President Barack Obama named Aneesh Chopra as the nation’s first chief technology officer in April 2009. In the nearly three years since, he was a tireless, passionate advocate for applying technology to make government and society work better. If you’re not familiar with the work of the nation’s first CTO, make sure to read Nancy Scola’s extended “exit interview” with Aneesh Chopra at the Atlantic. where he was clear about his role: “As an advisor to the president, I have three main responsibilities,” he said: “To make sure he has the best information to make the right policy calls for the country, which is a question of my judgment.”

On his last day at the White House, Chopra released an “open innovator’s toolkit” that highlights twenty different case studies in how he, his staff and his fellow chief technology officers at federal agencies have been trying to stimulate innovation in government.
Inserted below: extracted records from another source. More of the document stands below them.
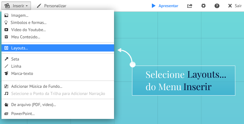 Alternativamente você poderá adicionar molduras do menu superior na forma de layouts para ajudar a organizar suas informações. Clique Inserir no menu superior e selecione Layouts... |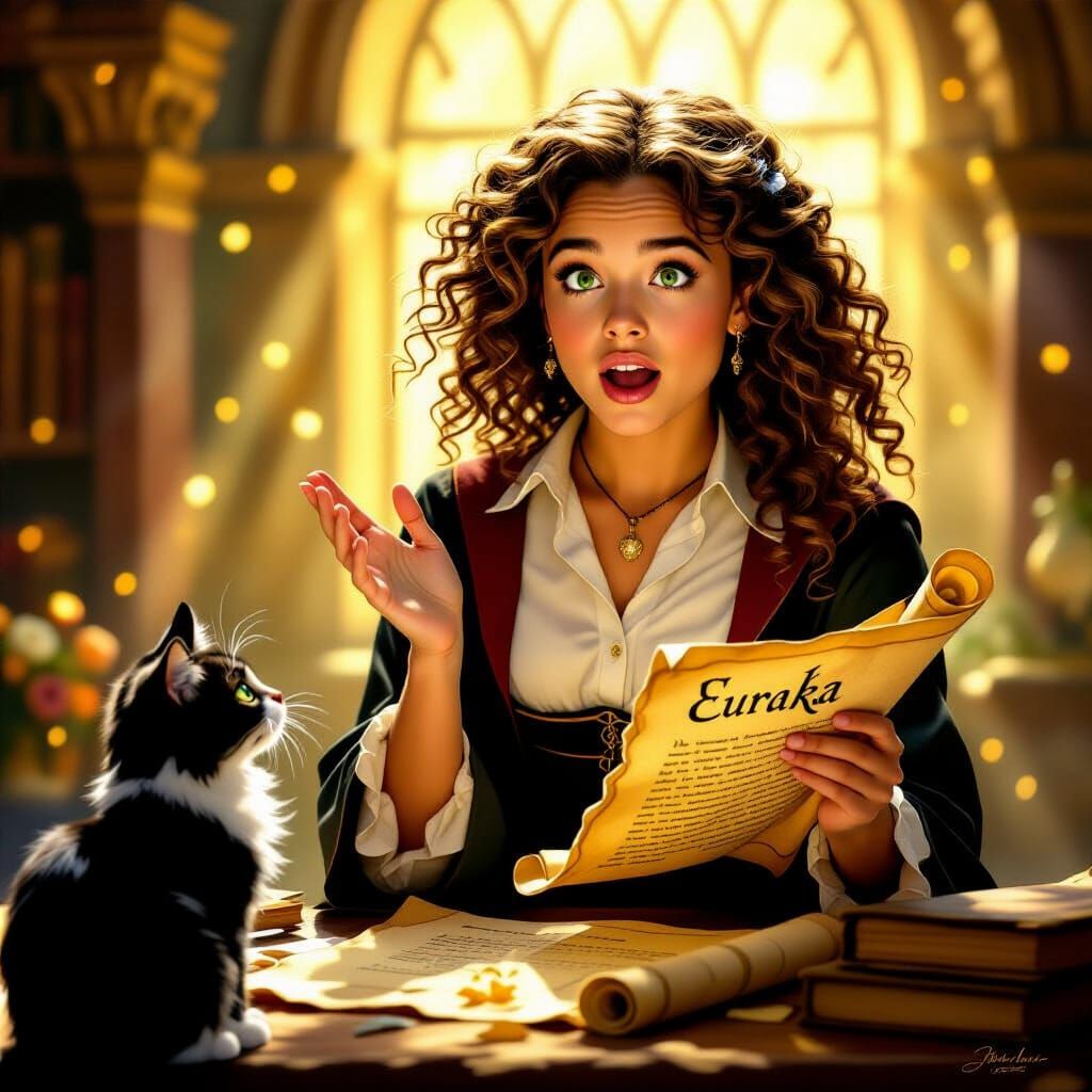 A striking picture of a young scholar discovering an ancient scroll. Golden lighting and whimsical details create a scene reminiscent of classical paintings, capturing a moment of intellectual excitement in a romantic style.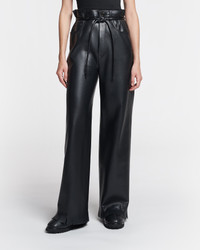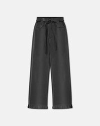 Cinching techniques are a key part of our modern design ethos. Made from regenerated leather, the Harlee pants have a paper-bag waist brought together by a self-tie belt. They fall in loose legs that feature subtle fringing at the hem. Fit Regular fit, true to size. Wide leg pants Regenerated leather Tubular tie around waist - removable Pockets on the sides Two patch pockets on the back Fringe detailing at the bottom Model is 177 cm (5'9'') and wears a size S. Materials and Care Shell: Base: 100% Polyester Coating: Polyurethane Back: Bonded Leather Middle: 80% Polyester 20% Polyamide Do not wash, do not bleach, do not tumble dry, do not iron, dry clean any solvent except trichloroethylene.handle with care to ensure garment lifespan. repair or resell to support circular fashion.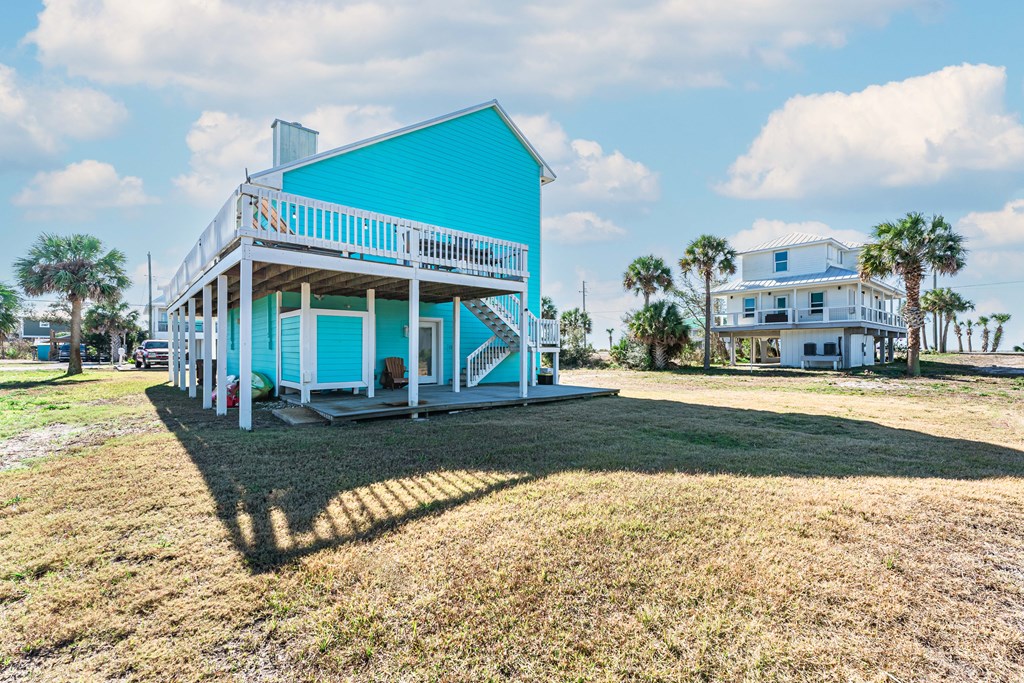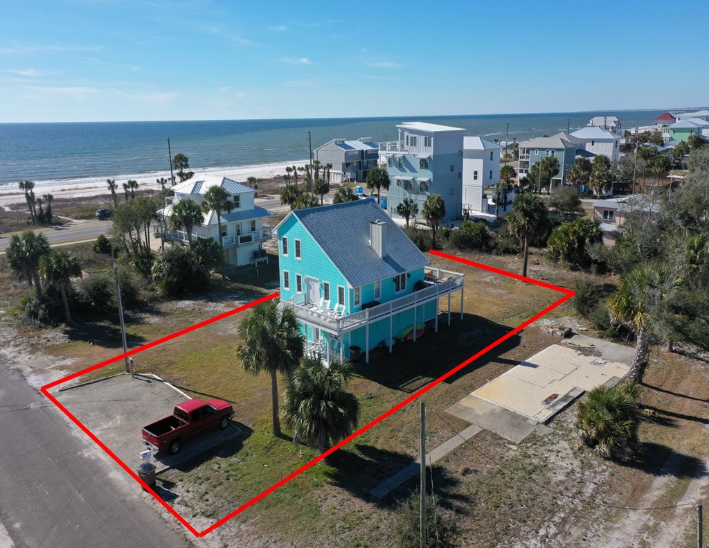 Rare opportunity for a gulf view home close to the beach with two completely separate and independent living areas. Upstairs is the “main” part of the property that consists of 2 bedrooms and 2 full baths including a large and impressive master bath and also a remodeled guest bath. There is a large wrap-around deck off the 2nd floor that's great for enjoying the gulf breeze and an additional deck on the 3rd floor off of the master. The first floor has two additional bedrooms, a full bath, and kitchen. Home is in great condition and ready for someone that wants all the flexibility and options this property provides. No HOA dues or short term rental restrictions. Check out the virtual tour!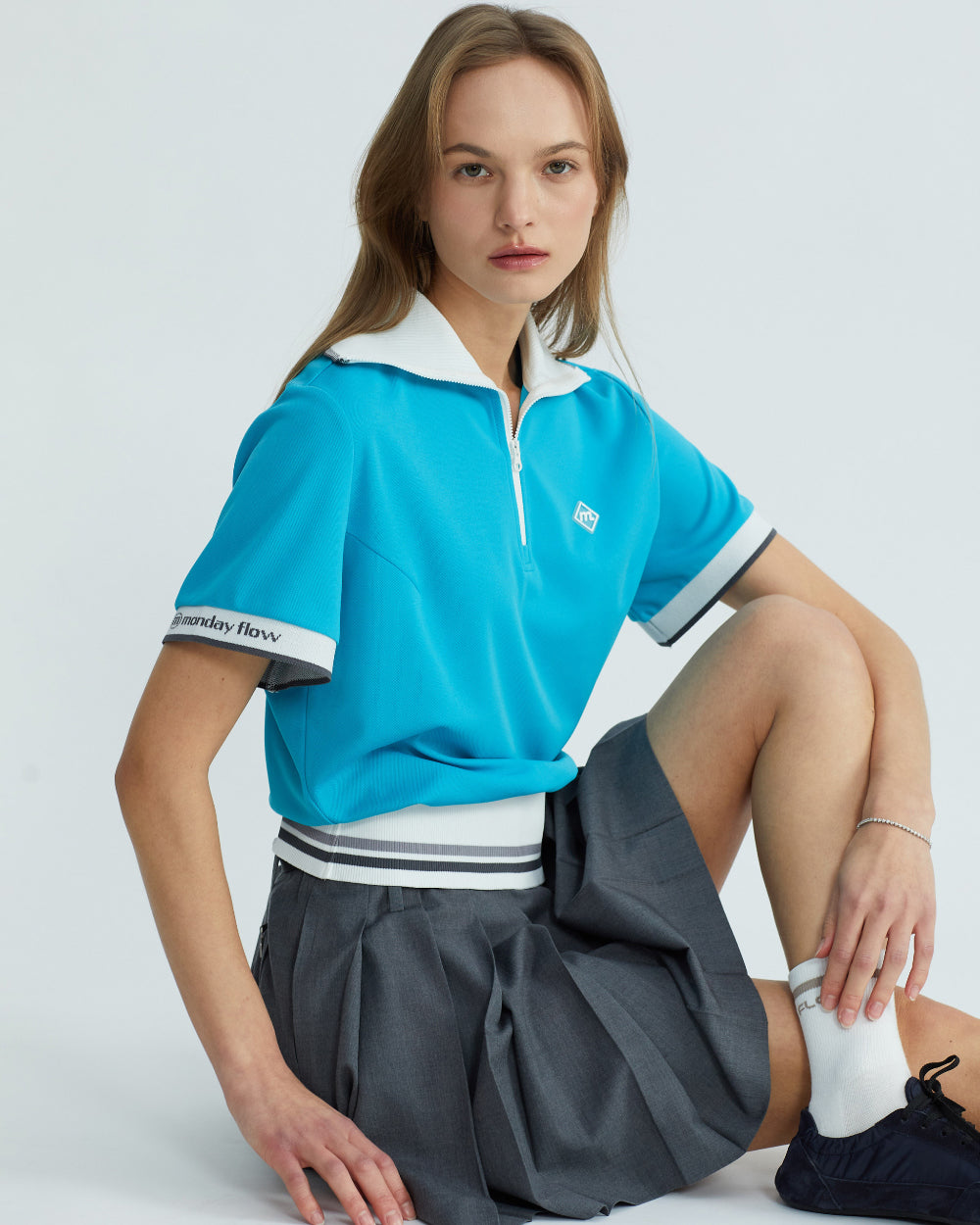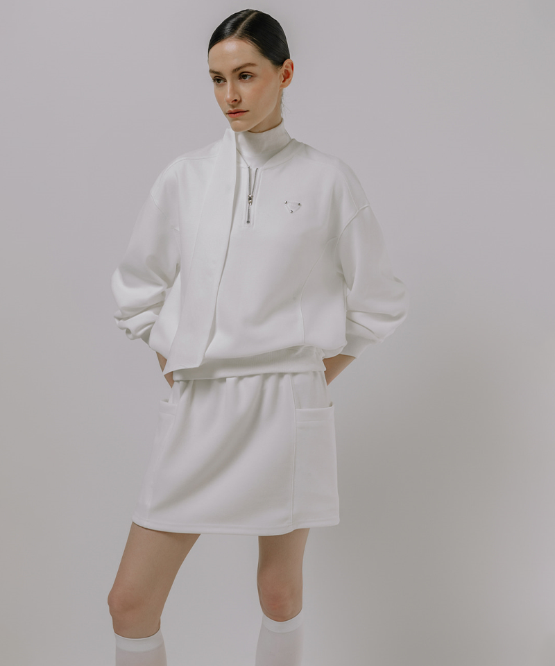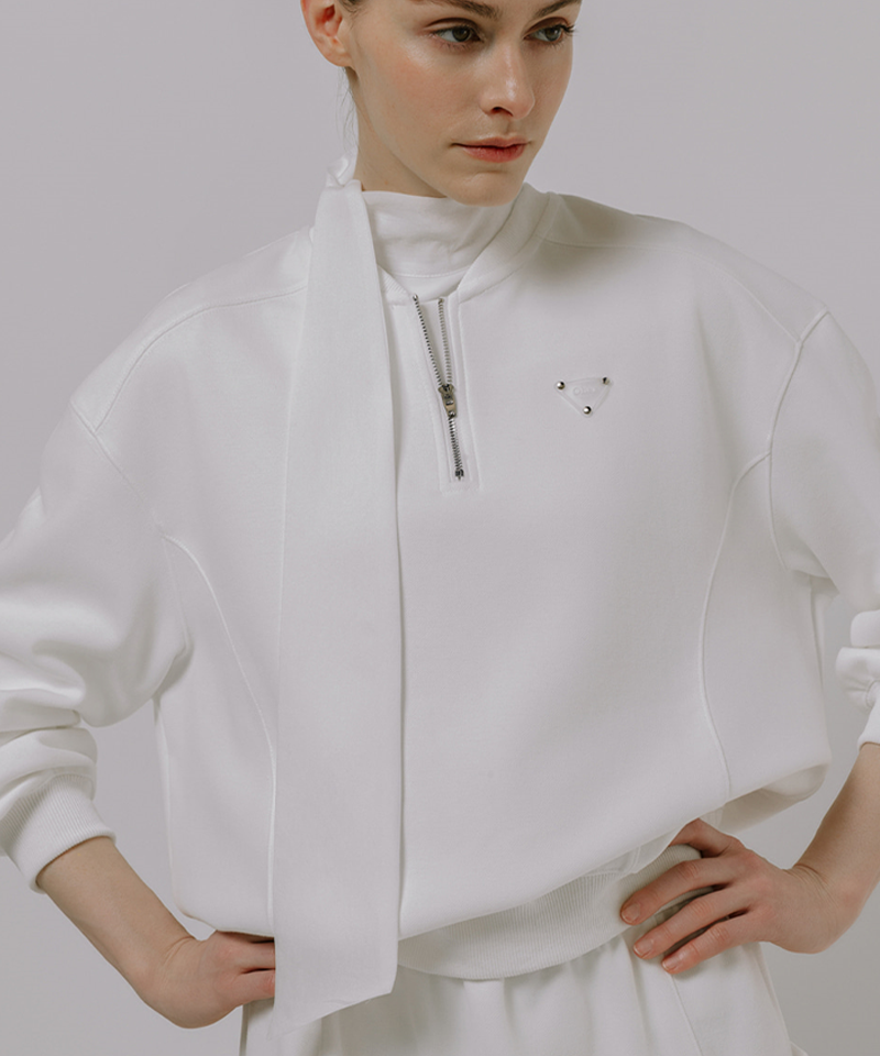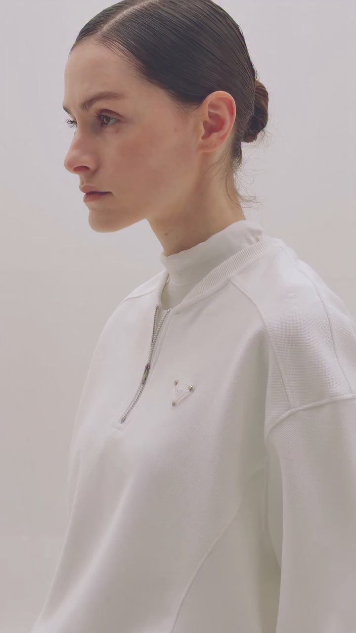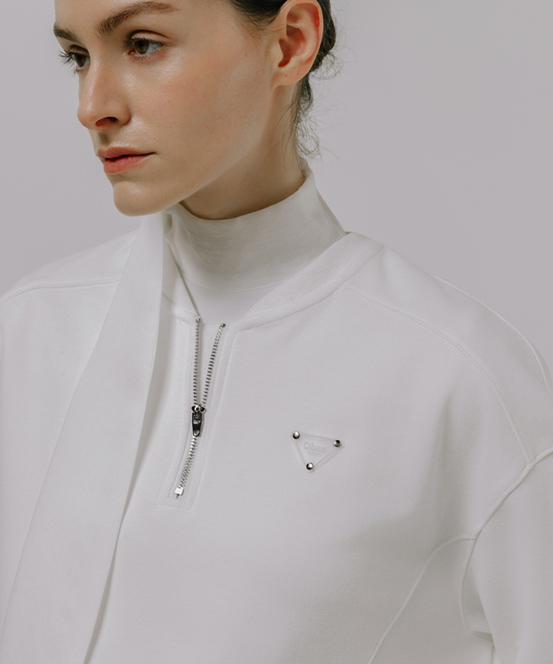 Monday Flow Women's Wide Collar Zip-Up Top - White

Chopra announced the toolkit last week at a forum on open innovation at the Center for American Progress in Washington. The forum was moderated by former Virginia congressman Tom Perriello, who currently serves as counselor for policy to the Center for American Progress and featured Todd Park, U.S. Department of Health and Human Services CTO, Peter Levin, senior advisor to the Veterans Affair Secretary and U.S. Department of Veterans Affairs CTO, and Chris Vein, deputy U.S. CTO for government innovation at the White House Office of Science and Technology Policy. Video of the event is embedded below:

An open innovator’s toolkit

“Today, we are unveiling 20 specific techniques that are in of themselves interesting and useful — but they speak to this broader movement of how we are shifting, in many ways, or expanding upon the traditional policy levers of government,” said Chopra in his remarks on Wednesday. In the interview with the Atlantic and in last week’s forum, Chopra laid out four pillars in the administration’s approach to open innovation:

  • Moving beyond providing public sector data by request to publishing machine-readable open data by default
  • Engaging with the public not simply as a regulator but as “impatient convener”
  • Using prizes and competitions to achieve outcomes, not just procurements
  • Focusing on attracting talented people to government by allowing them to serve as “entrepreneurs-in-residence.”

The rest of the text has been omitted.